The original (v0.3) shape ``{"target_name": "fibonacci", "seed": 0,
"max_steps": 25}`` still works exactly as before -- the four new fields
below are all optional and additive so the in-flight trainer doesn't
have to change.
Open-ended (Level 2) targets are specified by passing ``target_code``
+ ``target_function_name`` (and optionally ``edge_cases`` and
``fuzz_spec``), which is then resolved via the TaskCatalog using the
same hardened sandbox the verifier uses for agent submissions.
"""
target_name: Optional[str] = None
seed: int = 0
max_steps: int = 25
# --- Level 2 open-ended fields (additive, default-None) ---
target_code: Optional[str] = Field(
default=None,
description="Python source defining a black-box callable. When set, "
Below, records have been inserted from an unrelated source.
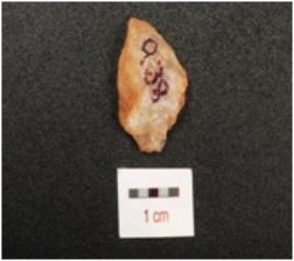 | Description / विवरण | A scraper with flake scars on dorsal, diffused bulb on ventral side and prepared platform. |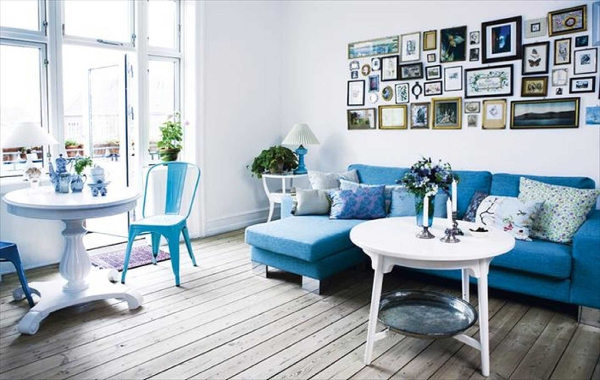 Want to create a harsh Scandinavian style in your living room? Use white paired with blue, add a little gray, and you're done. Love the vibrant and soft Mediterranean style? This topic will be central to the design of such an image. Dilute it with the appropriate accessories and get a peppy and delicate design.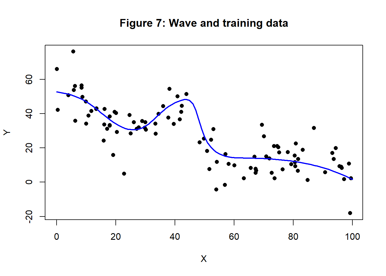 In some of my earlier posts, I have analysed simulated data with a pattern that I call a wave. The generating curve and a set of 100 training values is shown in figure 7.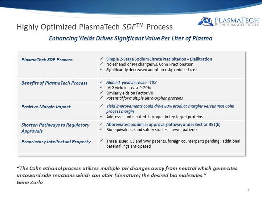 Significant Plasma Therapeutics Opportunity x Large, Fast - Growing Market • Plasma protein therapeutics derived from blood plasma • WW market >$15 billion, growing at approximately 11% annually • Growth driven by greater awareness of therapeutic potential plasma proteins, better and earlier diagnostics • Alpha - 1, Alpha - 1 antitrypsin (“AAT”), Alpha - 1 proteinase inhibitor (“A1PI”) x Unmet Medical Need – Supply Constraints Hampered by Cohn Process • Antiquated Cohn fractionation damages proteins, is ripe for innovation • Large fractionators slow to alter current process; plasma shortages looming & prices rising • PlasmaTech SDF ™ Process greatly enhances yields, enhancing margins • “Kinder, gentler” SDF Process yields commercial quantities of ultra - orphan proteins (new product opportunities) x Considerable M&A, Strategic Activity – Exit Strategy • Plasma processing: Grifols acquires Talecris, Bain Capital acquires PRUK • Baxter licenses Kamada Glassia ™ • Biologics deals: Roche/Intermune $8.3B, Sanofi/Genzyme $20B, Teva/Sicor $3.4B, Teva/CoGenesys ~$400M • China Biologics: CBPO launched in 2010, currently trading at ~$54 CAGR ~11% 6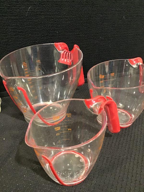 measuring cups are plastic. Pie plate is glass.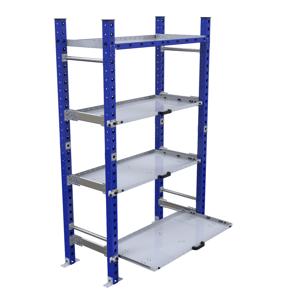 Hebt u nood aan een heel compacte opslag en de onderdelen dienen toch goed bereikbaar te zijn, dan is een stelling met uitschuifbare lades de oplossing! Deze maken het ook mogelijk om zware onderdelen met een takel te laden en te lossen.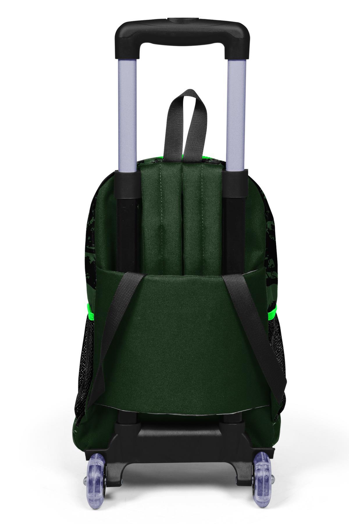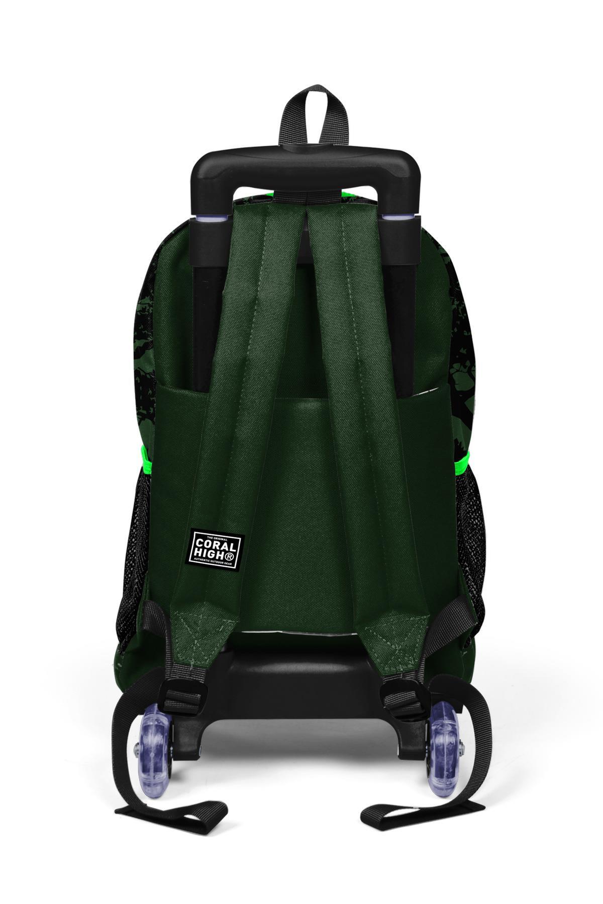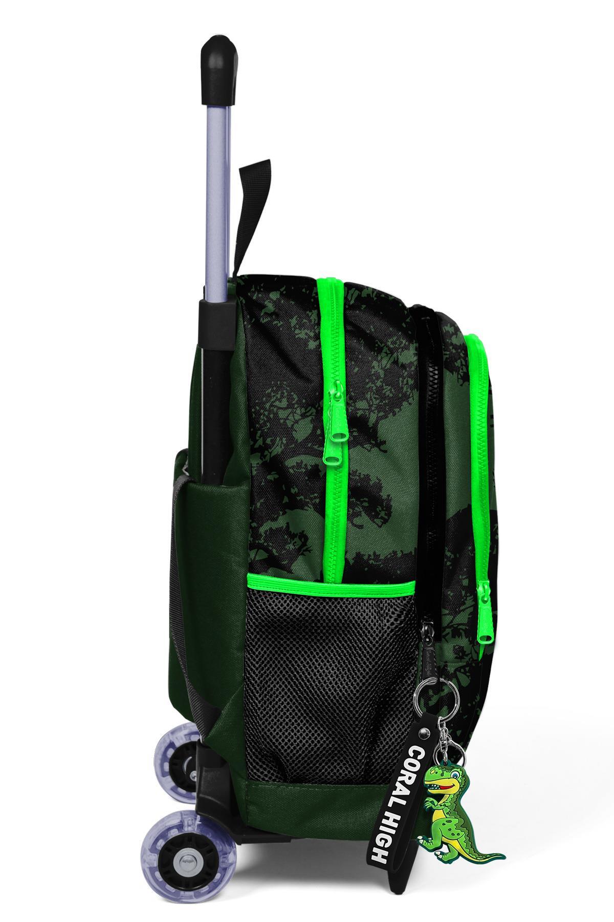 Coral High Kids Koyu Yeşil Siyah Dinozor Desenli Üç Bölmeli Çekçekli Sırt Çantası 23925

"overrides target_name (caller-supplied beats Hub beats builtin).",
)
target_function_name: Optional[str] = Field(
default=None,
description="Name of the callable inside target_code to use as the "
"oracle. Required when target_code is set.",
)
edge_cases: Optional[List[str]] = Field(
default=None,
description="Optional list of must-pass probe inputs as Python "
"literal strings (e.g. ['0', '\"\"', '([1,2,3], 2)']).",
)
fuzz_spec: Optional[dict] = Field(
default=None,
description="Optional auto-fuzzer override map keyed by parameter "
"name, e.g. {'n': {'type': 'int', 'min': 1, 'max': 90}}.",
)
class StepRequest(BaseModel):
episode_id: str
action: Action